» **WHAT YOU HAVE TO DO**: Look in the listing below for the line that has "I could use", then return it and each following line up to and including the one with "Finalizamos este recorrido", exactly and without pictures.

» **DATA**:
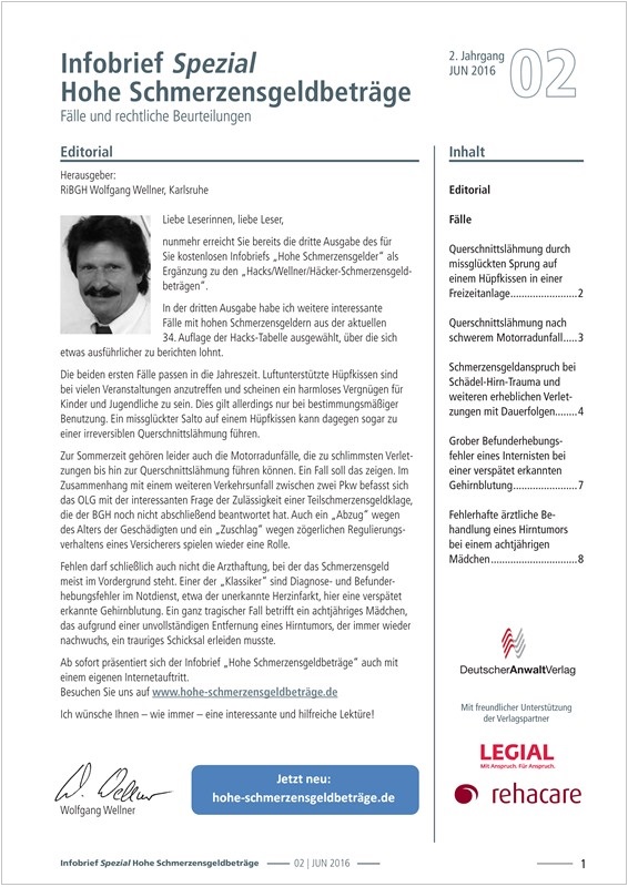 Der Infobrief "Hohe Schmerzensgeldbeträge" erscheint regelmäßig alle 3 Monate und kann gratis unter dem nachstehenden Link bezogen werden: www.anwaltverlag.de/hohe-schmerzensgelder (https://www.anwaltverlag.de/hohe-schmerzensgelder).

==

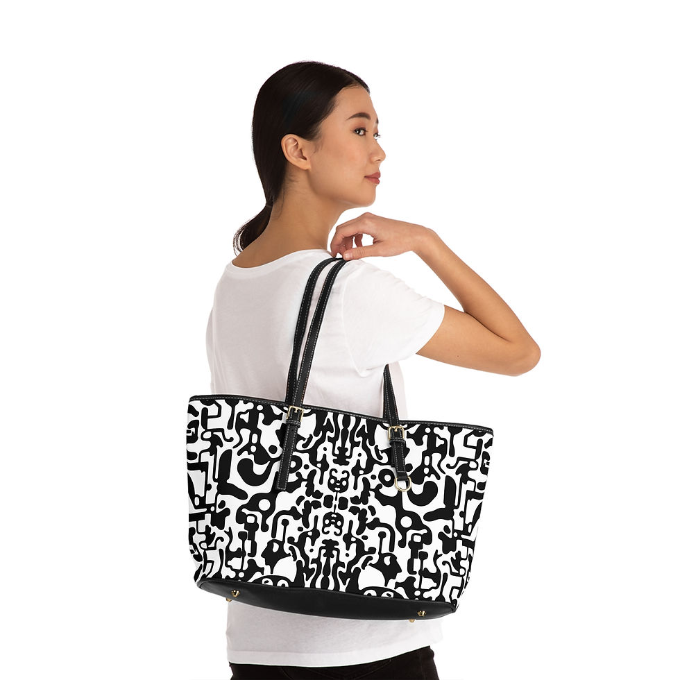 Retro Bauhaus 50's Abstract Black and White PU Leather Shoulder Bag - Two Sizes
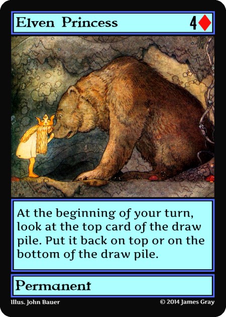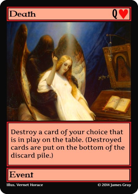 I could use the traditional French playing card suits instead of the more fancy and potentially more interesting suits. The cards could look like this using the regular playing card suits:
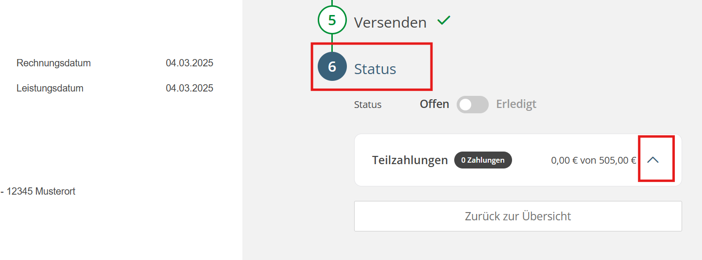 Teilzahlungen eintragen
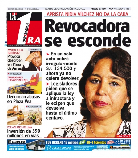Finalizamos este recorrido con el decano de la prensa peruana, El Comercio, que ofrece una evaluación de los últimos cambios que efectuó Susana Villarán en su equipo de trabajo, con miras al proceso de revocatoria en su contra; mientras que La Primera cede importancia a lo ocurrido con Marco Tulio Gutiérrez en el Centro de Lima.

---

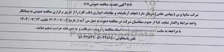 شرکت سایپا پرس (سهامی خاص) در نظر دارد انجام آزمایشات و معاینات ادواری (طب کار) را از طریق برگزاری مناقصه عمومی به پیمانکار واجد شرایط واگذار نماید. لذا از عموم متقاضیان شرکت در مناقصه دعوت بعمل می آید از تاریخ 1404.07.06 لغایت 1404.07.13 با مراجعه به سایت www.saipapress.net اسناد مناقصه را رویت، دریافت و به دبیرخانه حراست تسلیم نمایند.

» **SOLUTION**:
 I could use the traditional French playing card suits instead of the more fancy and potentially more interesting suits. The cards could look like this using the regular playing card suits:
 Teilzahlungen eintragen
Finalizamos este recorrido con el decano de la prensa peruana, El Comercio, que ofrece una evaluación de los últimos cambios que efectuó Susana Villarán en su equipo de trabajo, con miras al proceso de revocatoria en su contra; mientras que La Primera cede importancia a lo ocurrido con Marco Tulio Gutiérrez en el Centro de Lima.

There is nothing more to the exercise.